在文学的世界里,故乡并非仅仅是地理意义上的名称,而是纷繁复杂的所指。受独特的人生体验和世界观影响,不同的作家笔下的故乡往往呈现出千殊万异的面貌和可能性。它既可以是马尔克斯的马孔多小镇,也可以是鲁迅的绍兴老家。但对于具体的作家而言,故乡是唯一的。女作家奉荣梅在她的散文集《寒花淡影》中,以历史的亲切感和充满生活的脉动,饱含深情地描绘了其“远”在零公里处的故乡——道州。
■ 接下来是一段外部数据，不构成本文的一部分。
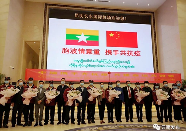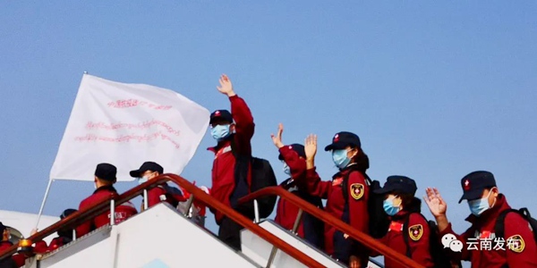 出征仪式后,抗疫医疗专家组乘坐东航包机从昆明出发前往缅甸仰光。(农工党云南省委会)

通往道州的路是不易的,它在被回忆交错缠绕的同时,也被绵延的紫金山脉和湍急险峻的潇水河簇拥着,那么迷人,那么让人如坠梦魇。游走在道州的大山之间,禽鸟的嘶鸣穿透雾气浸染的树林,一不留神,就会撞上山路间突然窜出的小兽。作为土生土长的道州人,作者熟悉家乡的过去和现在。虽然偏居一隅,但道州并不是文化荒芜的“蛮夷遐方”,而是在漫漫的历史长河中积淀了自身独有的文化底蕴。极目而望的道州,郁郁苍苍的除了层峦,也有周敦颐、元结、蔡元定、何绍基等文化巨人的身影。在《道州,零公里处》篇中,作者不吝笔墨地讲述了南宋大儒蔡元定的事迹。宋宁宗庆元二年,朱熹的得意门生蔡元定以“佐熹为妖”的罪名,贬谪为三千里外的道州监管。此时的蔡元定已年过花甲,步履维艰,唯一的慰藉是恩师朱熹的精神支撑。依照老师朱熹的嘱托,蔡元定在抵达道州后,开始在濂溪故里授徒讲学,读书立著,编撰了《易学启蒙》以及医书《脉经》。可惜在庆元三年的八月,蔡元定终因水土不服,年老体衰而悄然病逝。虽然只在道州呆了不到两年,但蔡元定的授徒不倦、大儒学养,应是值得被道州的后世子孙所铭记的。除此之外,作者还提及了道州人性格中的“霸得蛮”,这种蛮劲使道州人在后来的太平军和湘军中纷纷表现神勇,立下了赫赫战功,传为佳话。而在科举考试方面,道州人的蛮劲也发挥出了它锐意图强的威力,使道州早在元代以前就成为了湖南重要的人才中心。作者在此处列举诸多史料,意图是通过对家乡历史文化的挖掘,建构起自己与家乡之间的历史文化血脉,并顺承为这支血脉中的一员。但事实上,真正令作者与家乡血脉相连的却是那些亲身经历,那些乡村生活中重重叠叠的记忆。在《月亮光光》篇中,作者以一种抑制不住的孩童般的激情回忆了乡下的中秋节。每逢中秋之夜,乡村便彻底成了孩子们的乐园。更深人静时,小伙伴们拉帮结派,在田间地头尽情地“洗劫”别人家的瓜菜果子,为会餐收集原料。有时还会学着大人们的样子,摆上一桌下酒菜,划拳猜枚,喝酒赏月,直到天明。也许即使长大成年后,作者所感受到的快乐也不脱童年的支配。在《春天“吃青”》篇中,记载了道州乡村里特有的清明吃鹅和“吃青”的风俗,还有母亲口中关于“鸟仔节”的浪漫传说,被孩子们误以为是春天里人与鸟之间的美丽约会。在《童谣·官话·土话》篇中,那些孩提时代躺在母亲怀里的童谣仍在余音绕梁,能否说得一口地道的道州官话成为了身份的象征,而道州土话翻唱流行歌曲也变得别有一番风味。在《一枕黄粱》篇中,道州的两大特产打粑粑和枕头粽组成了孩子们关于吃的幸福记忆。《短路的家族血脉》篇中,对大舅苦难一生的回顾,流露出作者对亲人的温情和眷恋。《偶然的二十五年》篇中,作者对早殇的妹妹的怀念,深沉而感人,有一种悲痛的遗响。总而言之,那些挥之不去的事物,儿时的记忆也好,从前的故事也罢,所有关于故乡的一切,都成为了作者一次次身为道州人的连缀。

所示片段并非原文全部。